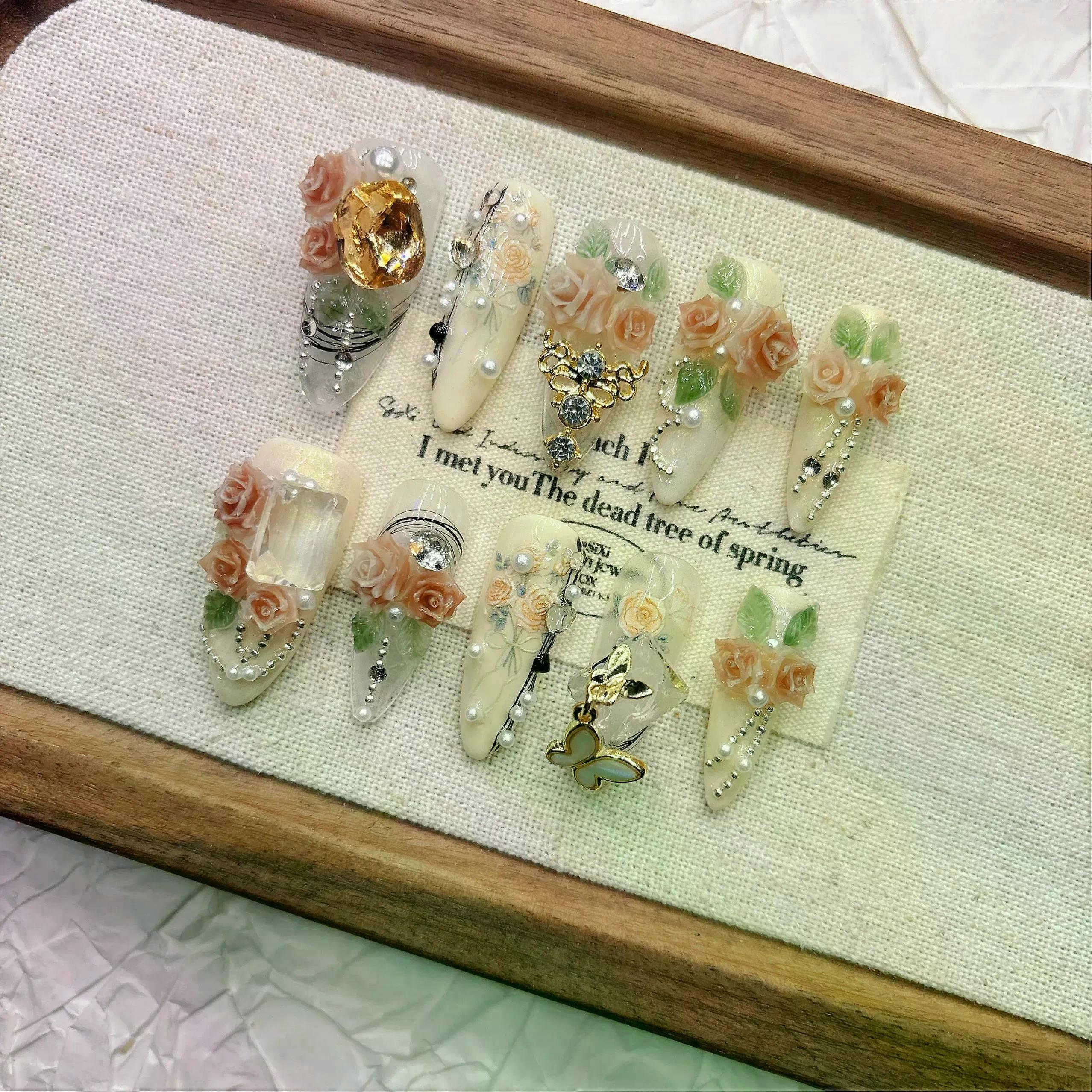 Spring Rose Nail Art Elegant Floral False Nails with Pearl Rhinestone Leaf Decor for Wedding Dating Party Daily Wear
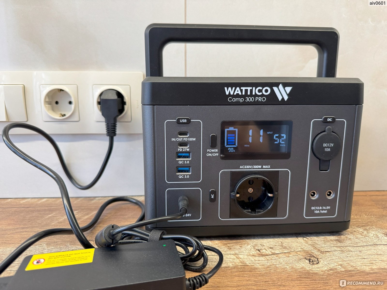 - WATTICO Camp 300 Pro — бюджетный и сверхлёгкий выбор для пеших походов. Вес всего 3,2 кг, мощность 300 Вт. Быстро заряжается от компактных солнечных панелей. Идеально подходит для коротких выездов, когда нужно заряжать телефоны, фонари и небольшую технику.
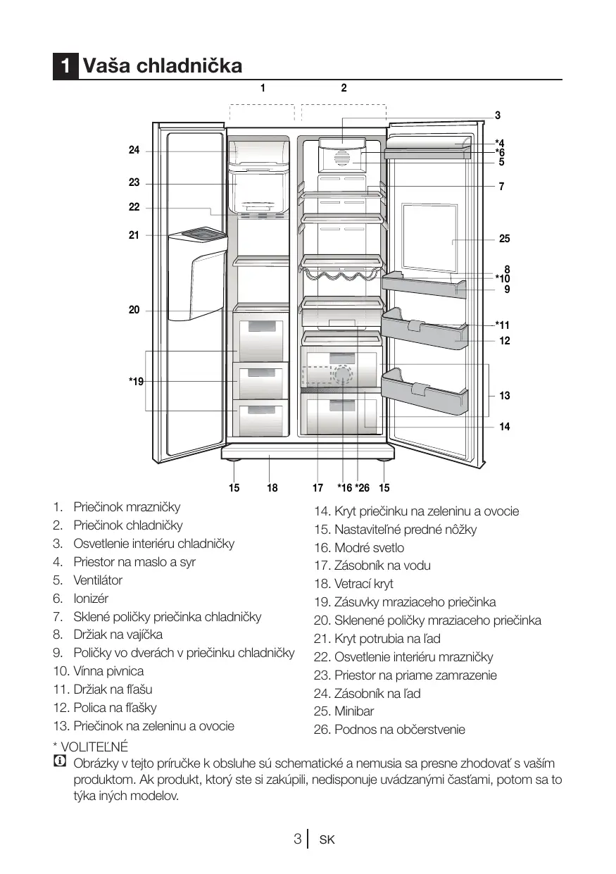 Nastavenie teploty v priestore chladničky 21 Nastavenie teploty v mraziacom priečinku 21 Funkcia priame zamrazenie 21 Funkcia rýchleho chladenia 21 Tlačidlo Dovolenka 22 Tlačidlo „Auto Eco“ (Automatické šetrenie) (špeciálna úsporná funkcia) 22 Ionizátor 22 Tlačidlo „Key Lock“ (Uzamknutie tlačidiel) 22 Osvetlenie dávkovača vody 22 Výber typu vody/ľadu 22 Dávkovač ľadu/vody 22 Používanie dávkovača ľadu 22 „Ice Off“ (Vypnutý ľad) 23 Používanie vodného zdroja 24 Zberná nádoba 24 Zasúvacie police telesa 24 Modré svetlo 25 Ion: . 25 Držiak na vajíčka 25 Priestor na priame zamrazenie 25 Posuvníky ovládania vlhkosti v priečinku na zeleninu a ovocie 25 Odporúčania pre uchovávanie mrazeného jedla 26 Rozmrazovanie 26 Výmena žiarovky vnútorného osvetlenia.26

### Exercise details
Ending at the line with "- WATTICO Camp", reproduce exactly the lines that begin at the top of the data, and include no pictures.

### Written response
 Spring Rose Nail Art Elegant Floral False Nails with Pearl Rhinestone Leaf Decor for Wedding Dating Party Daily Wear
 - WATTICO Camp 300 Pro — бюджетный и сверхлёгкий выбор для пеших походов. Вес всего 3,2 кг, мощность 300 Вт. Быстро заряжается от компактных солнечных панелей. Идеально подходит для коротких выездов, когда нужно заряжать телефоны, фонари и небольшую технику.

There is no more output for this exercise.